Work instruction:
Exact copy, pictures excluded: the lines from the one containing "One of the best" to the end of the listing.

Data for this exercise:
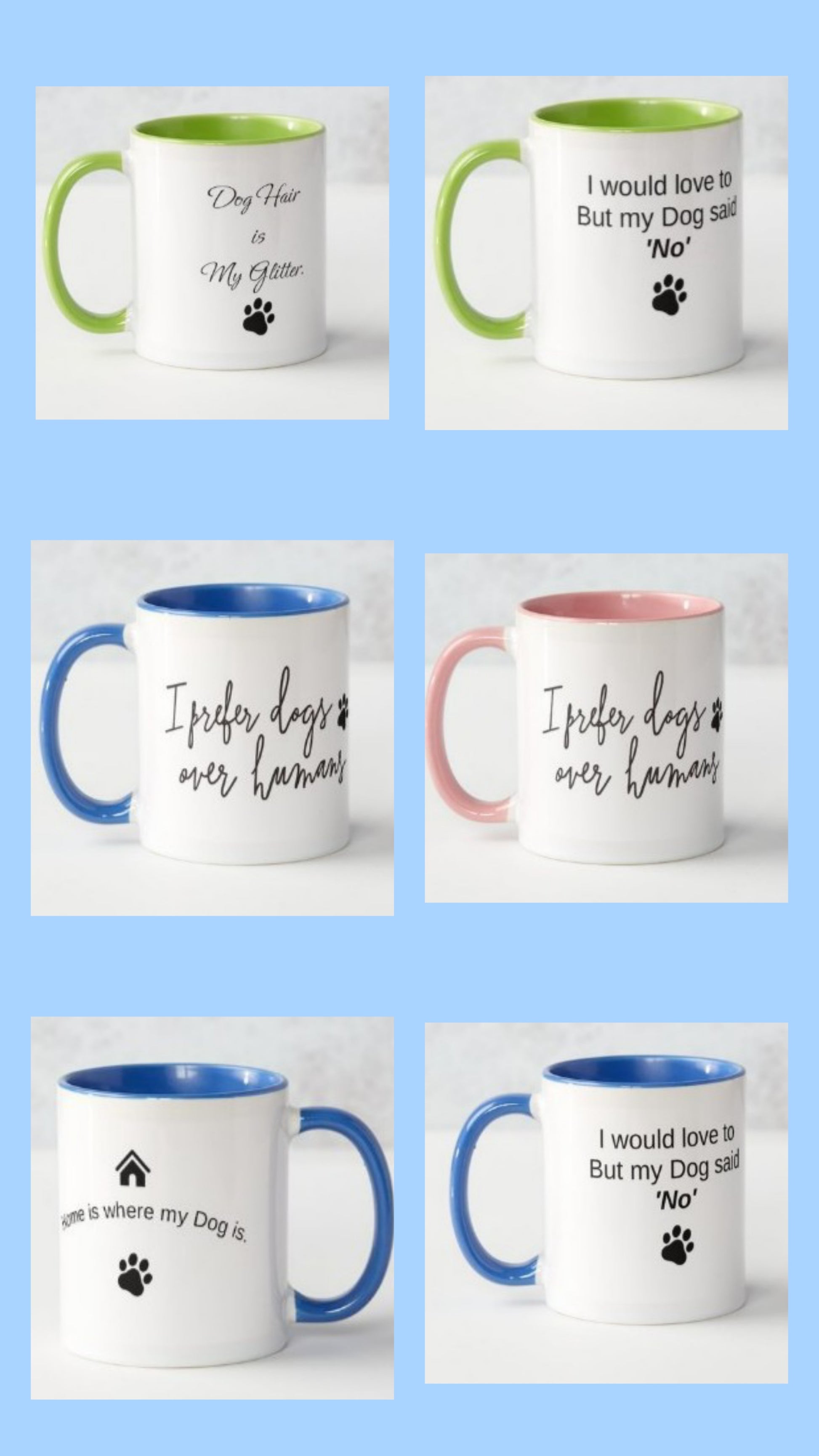 Discover my collection of mugs featuring amusing dog-themed quotes, available in a charming selection of colors. These mugs are both dishwasher and microwave safe, making them practical for everyday use. They also make a perfect gift for dog lovers. Don’t forget to explore other items shown in the same image for more great options.
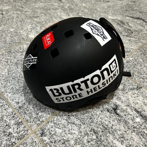 Kerran käytetty Salomonin laskukypärä mallia ”Grom”, koko ”Kid S, 49-53 cm”. Kirkkaan oranssi, joten näkyy hyvin. Kevyt ja hyvät säädöt. Sopii hyvin lasien kanssa ja remmille on takana oma pidike.
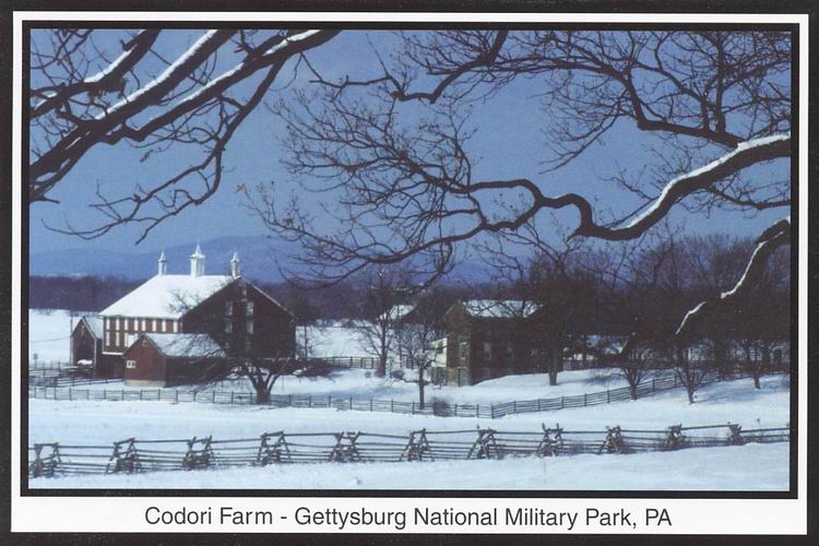 One of the best shots of the Codori farm, this is from a post card that was bought in Gettysburg November 2002. The photo was taken by Laverne Louey in 1990 …. Great shot. |
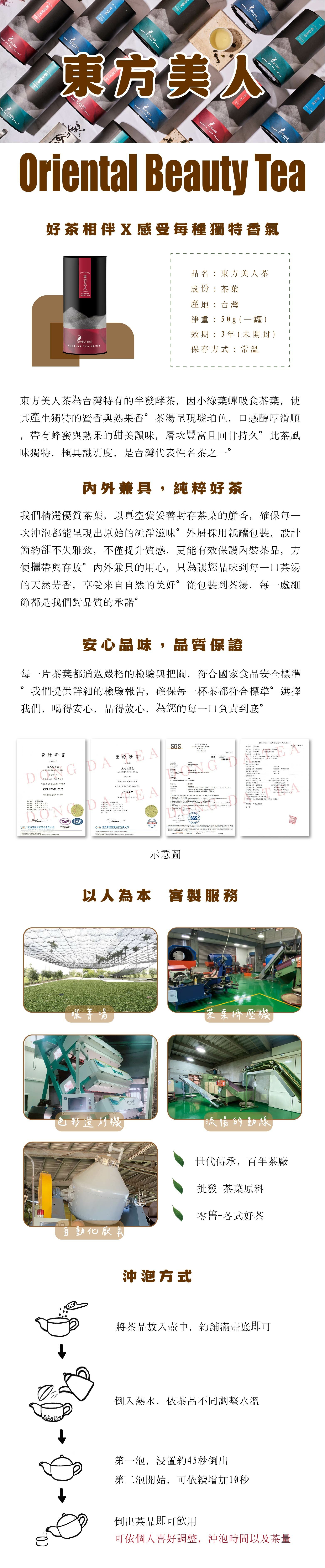 東方美人茶為台灣特有的半發酵紅茶,因小綠葉蟬吸食茶葉,使其產生獨特的蜜香與熟果香。茶湯呈現琥珀紅色,口感醇厚滑順,帶有蜂蜜與熟果的甜美韻味,層次豐富且回甘持久。此茶風味獨特,極具識別度,是台灣代表性名茶之一。
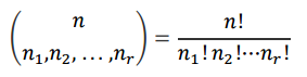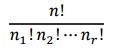이처럼 $n_1$ + $n_2$ + ... + $n_r$ = n이 되고 n을 r개의 그룹으로 나눌 때 다음과 같은 식으로 구할 수 있습니다.
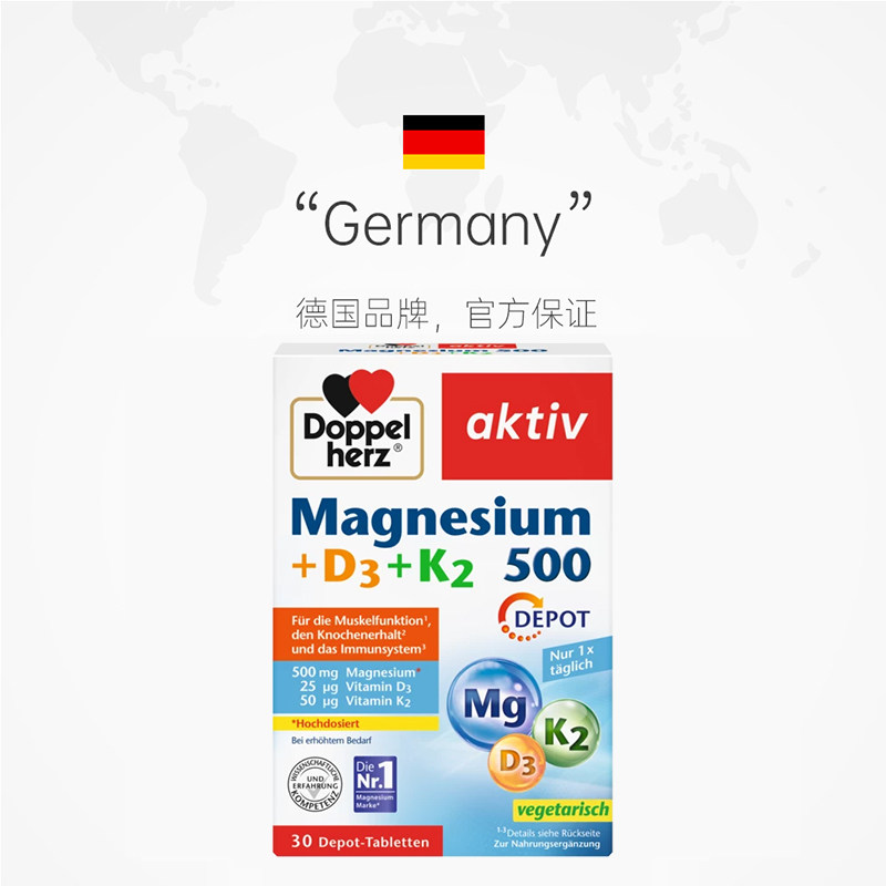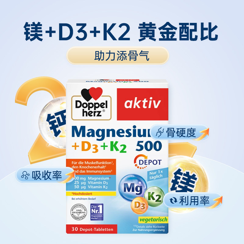📚 【自营】德国双心维生素d3k2镁元素补充骨骼营养片中老年防腿抽筋

Answer below:
 One of the best shots of the Codori farm, this is from a post card that was bought in Gettysburg November 2002. The photo was taken by Laverne Louey in 1990 …. Great shot. |
 東方美人茶為台灣特有的半發酵紅茶,因小綠葉蟬吸食茶葉,使其產生獨特的蜜香與熟果香。茶湯呈現琥珀紅色,口感醇厚滑順,帶有蜂蜜與熟果的甜美韻味,層次豐富且回甘持久。此茶風味獨特,極具識別度,是台灣代表性名茶之一。
이처럼 $n_1$ + $n_2$ + ... + $n_r$ = n이 되고 n을 r개의 그룹으로 나눌 때 다음과 같은 식으로 구할 수 있습니다.
📚 【自营】德国双心维生素d3k2镁元素补充骨骼营养片中老年防腿抽筋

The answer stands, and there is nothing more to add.